Gemäss konservativen Ausbreitungsrechnungen des ENSI bestünde selbst im schlimmsten anzunehmenden Fall für die Freisetzung von grossen Mengen an Radioaktivität keine Gefahr für die Bevölkerung der Schweiz.

Konkrete Rückschlüsse auf den Betrieb der schweizerischen Kernkraftwerke lassen sich aus dem Unfall im Moment nicht ziehen. Das ENSI wird jedoch die Situation in Japan im Detail analysieren und Lehren daraus ziehen.

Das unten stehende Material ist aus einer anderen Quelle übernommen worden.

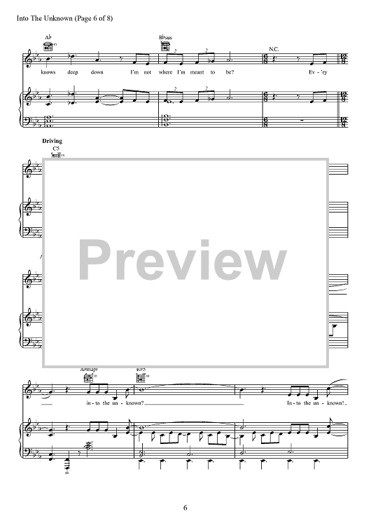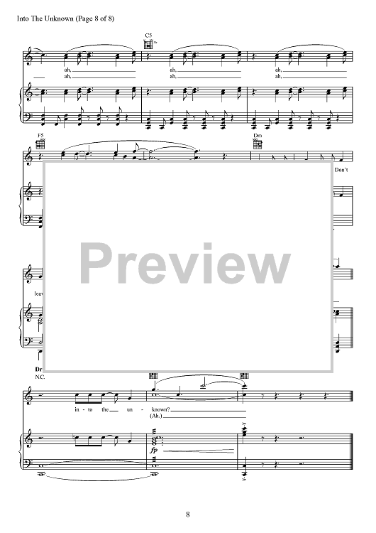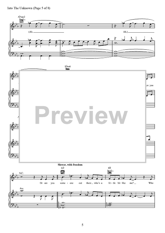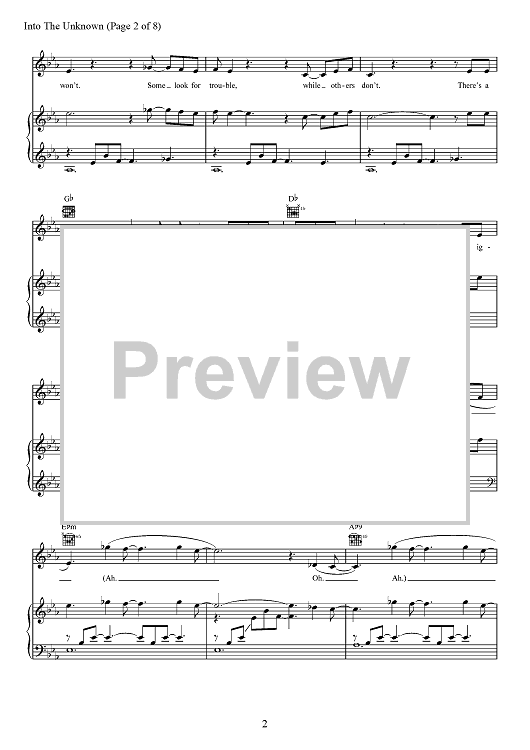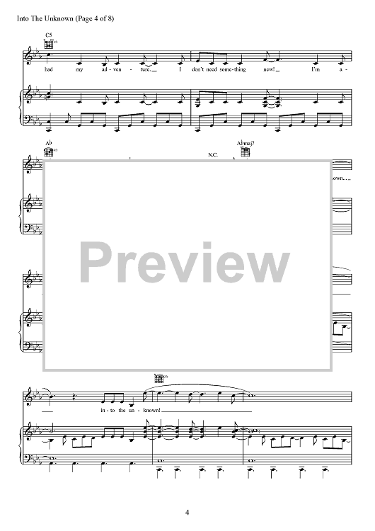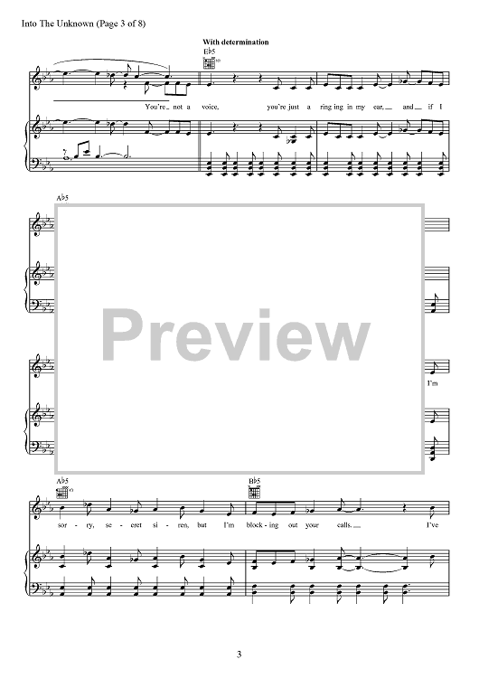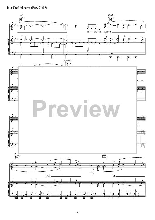 Digital Sheet Music for Into The Unknown from Disney's Frozen 2 by Robert Lopez, Kristen Anderson-Lopez scored for Piano/Vocal/Chords; id:467902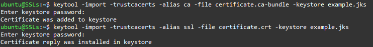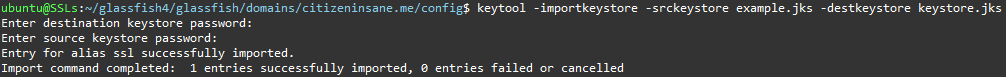 系统将提示您输入两个密钥库的密码,从目标密钥库keystore.jks开始。GlassFish密钥库的密码与域的GlassFish主密码相同; 默认情况下,它是changeit 。根据您用于导入的证书格式,将有不同数量的导入条目。如果您对密钥库和私钥使用了不同的密码,则还需要输入私钥密码。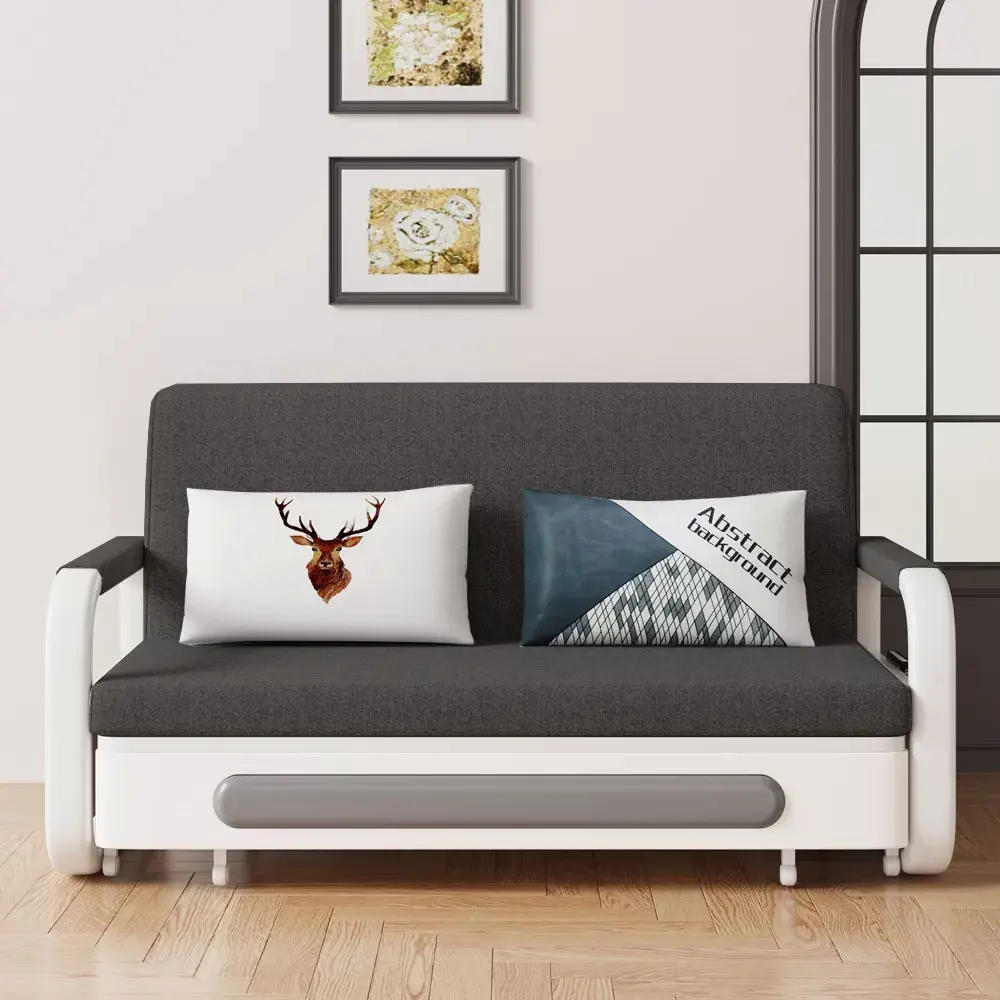 Sofa Giường Thông Minh Loại Vải Màu Xám Đen Nệm Xơ Dừa Hộc Tủ Gỗ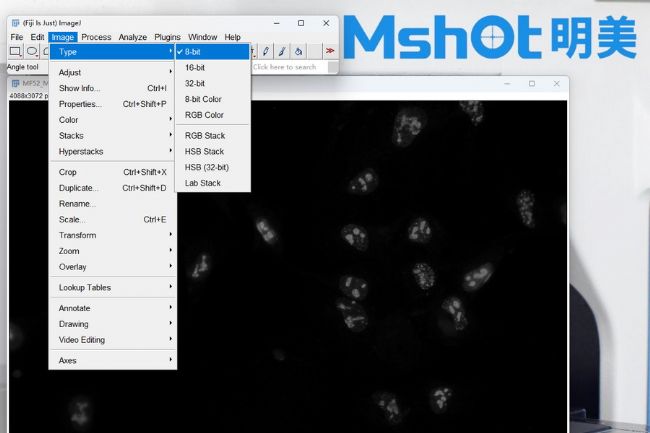 我們這個熒光圖是單色熒光,因此我們這里先將其轉(zhuǎn)化成8bit格式,減少其他通道信號可能帶來的問題,在菜單選項選擇Image-Type-8bit.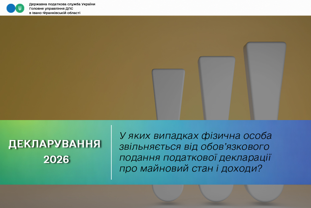 В Головному управлінні ДПС в Івано-Франківській області інформують, що згідно з п. 179.4 ст. 179 Податкового кодексу України платники податку звільняються від обов’язку подання податкової декларації про майновий стан і доходи в таких випадках: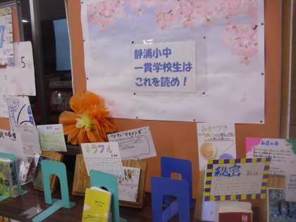 2階学校図書館前には、9年生の本紹介コーナー「静浦小中一貫学校生はこれを読め!」があります。9年生一人ひとりがお気に入りの本を紹介しています。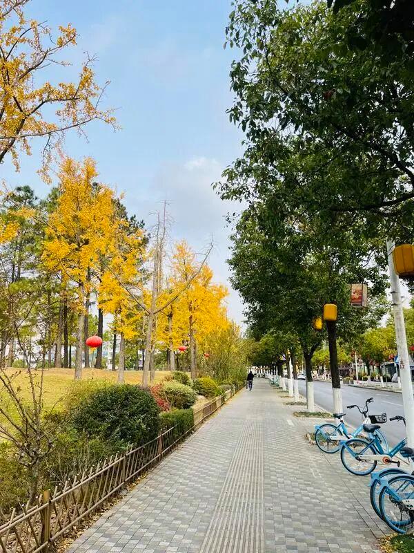 罗芬路的银杏景观则尽显“黄金甲”的璀璨,几十棵银杏树沿美兰湖路至美兰湖国际会议中心段排列,西侧绿化带中金黄落叶与翠绿草坪相映成趣,与美兰湖社区风情街共同构成诗意画卷。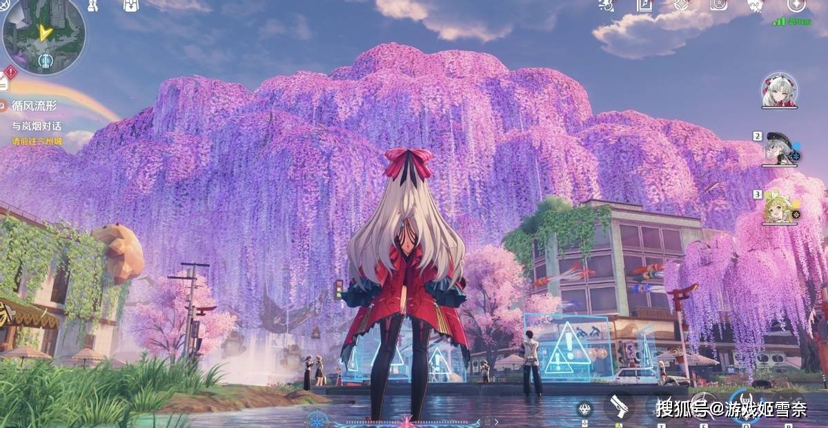 库洛为了打造心中的梦核世界,新穗波市在设计上加入的植被数量简直可以用恐怖来形容,咖啡厅旁边的巨大紫藤树随着微风起舞,随处可见的樱花落叶铺满街道,随着漂子的经过带动飘飞。先前的环境互动仅限于轻轻带动的水准,而让鉴心来新穗波这么一卷立马就有太极张三丰的感觉,即使没有被风带动,环境中也四处都是从天而降的花瓣与粒子,那种感觉就像是我正站在新海诚拍的新电影里,为了解决世界的某种危机和某位有特殊能力的女孩子展开冒险,相互帮扶逐渐有了感情,最后在满天的樱花下表白,对于老二次元来说做上一次日本高中生的恋爱梦真的很甜蜜啊。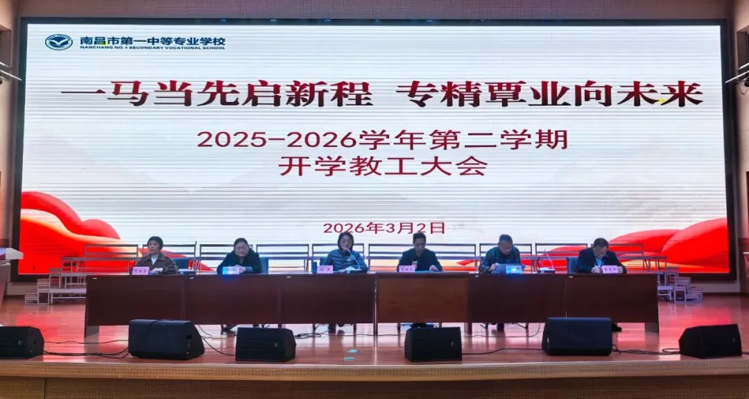 为确保新学期各项工作平稳有序、高质量推进,3月2日,南昌市第一中等专业学校隆重召开2025-2026学年第二学期开学教工大会。全体教职工齐聚一堂,统一思想、明确任务、压实责任,为新学期高质量发展定方向、划重点、明路径。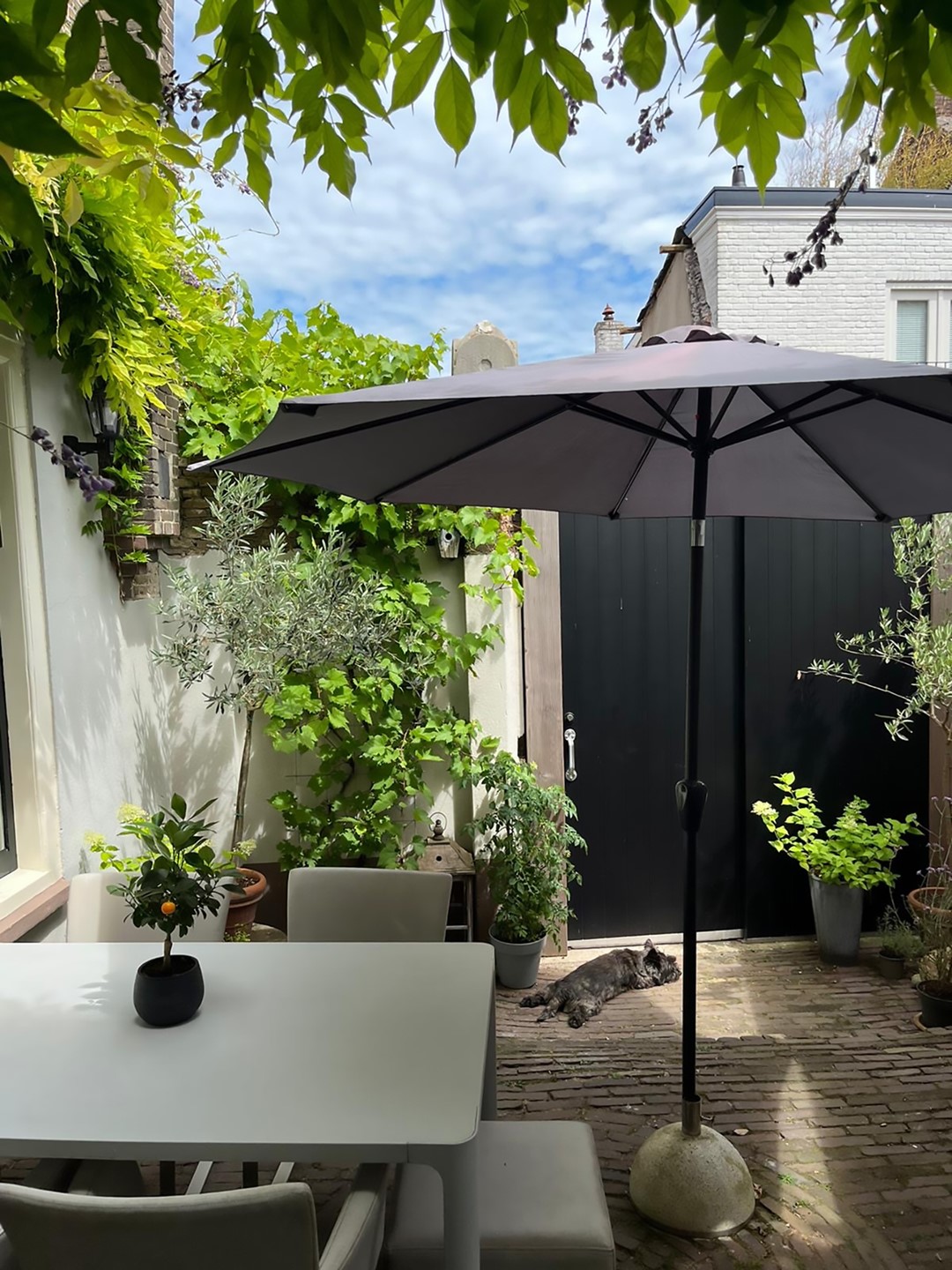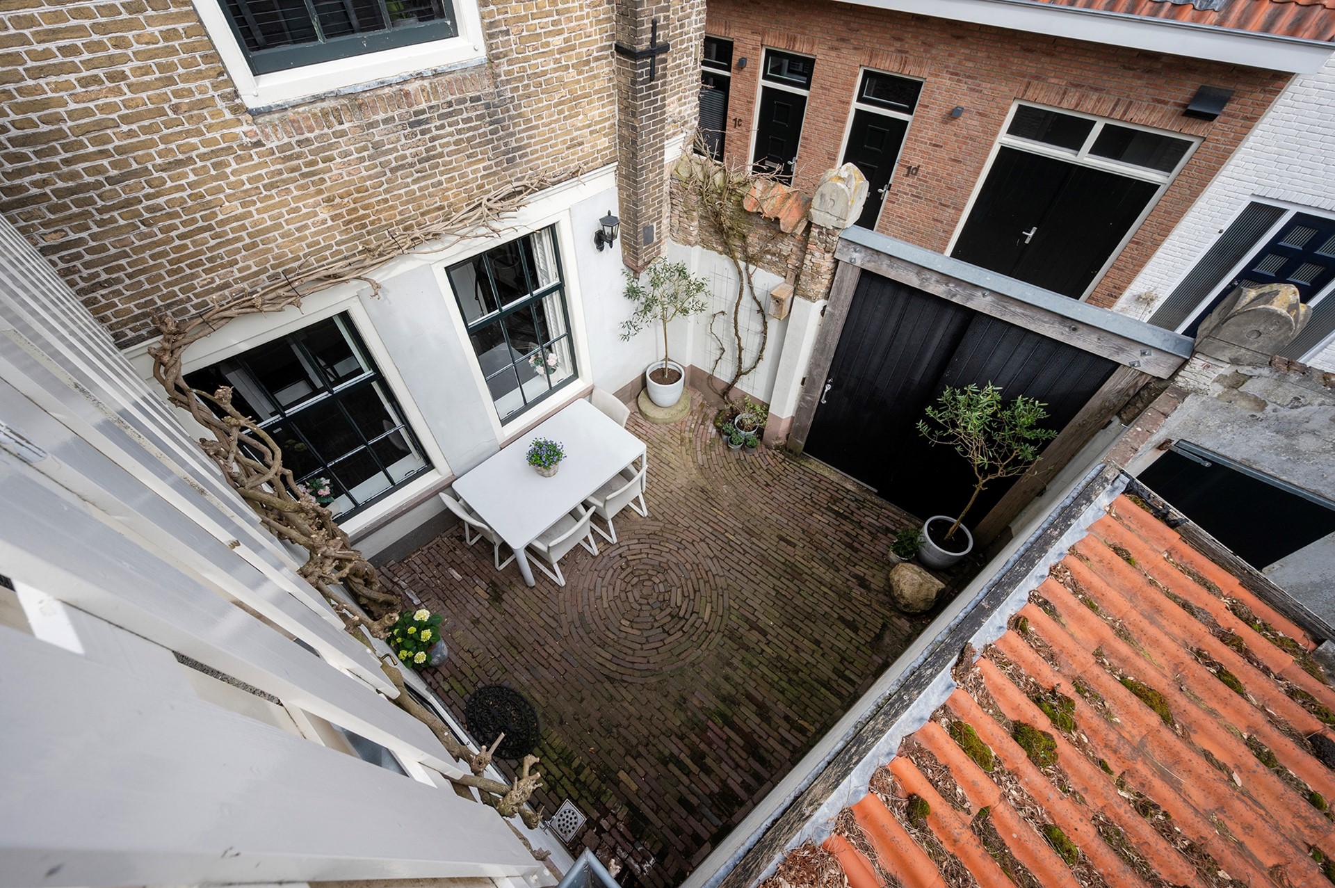 Buiten een heerlijke stadstuin met veel privacy door de hoge gemetselde muur en grote schuifdeur (bijvoorbeeld voor de motorliefhebber). Boven op de muur bevinden zich nog twee ornamenten die afkomstig zijn van de vorige voorgevel van Havenstraat 14.

Bereits mit der 2007 publizierten, weltweit anerkannten „Pegasos“-Studie wurde die Erdbebengefährdung in der Schweiz nach dem fortschrittlichsten Stand der Wissenschaft neu bestimmt. Das ENSI hat daraufhin verschärfte Erdbebengefährdungsannahmen festgelegt, denen die Kernkraftwerke standhalten müssen. Verschiedene Ertüchtigungen in den Bereichen Bautechnik und Notstromversorgung wurden seither umgesetzt. Da alle schweizerischen Kernkraftwerke über autarke, gebunkerte Notstandssysteme verfügen, weisen sie weltweit gesehen einen sehr hohen Schutzgrad gegen externe Ereignisse wie Erdbeben auf.

In der Schweiz sind schwere Erdbeben sehr viel seltener als in Japan. Ein Erdbeben der Magnitude 9, wie es am Freitag Japan traf, kann für die Schweiz praktisch ausgeschlossen werden. Das bekannteste Erdbeben in der Schweizer Geschichte trat 1356 in Basel auf und war rund hundertmal schwächer.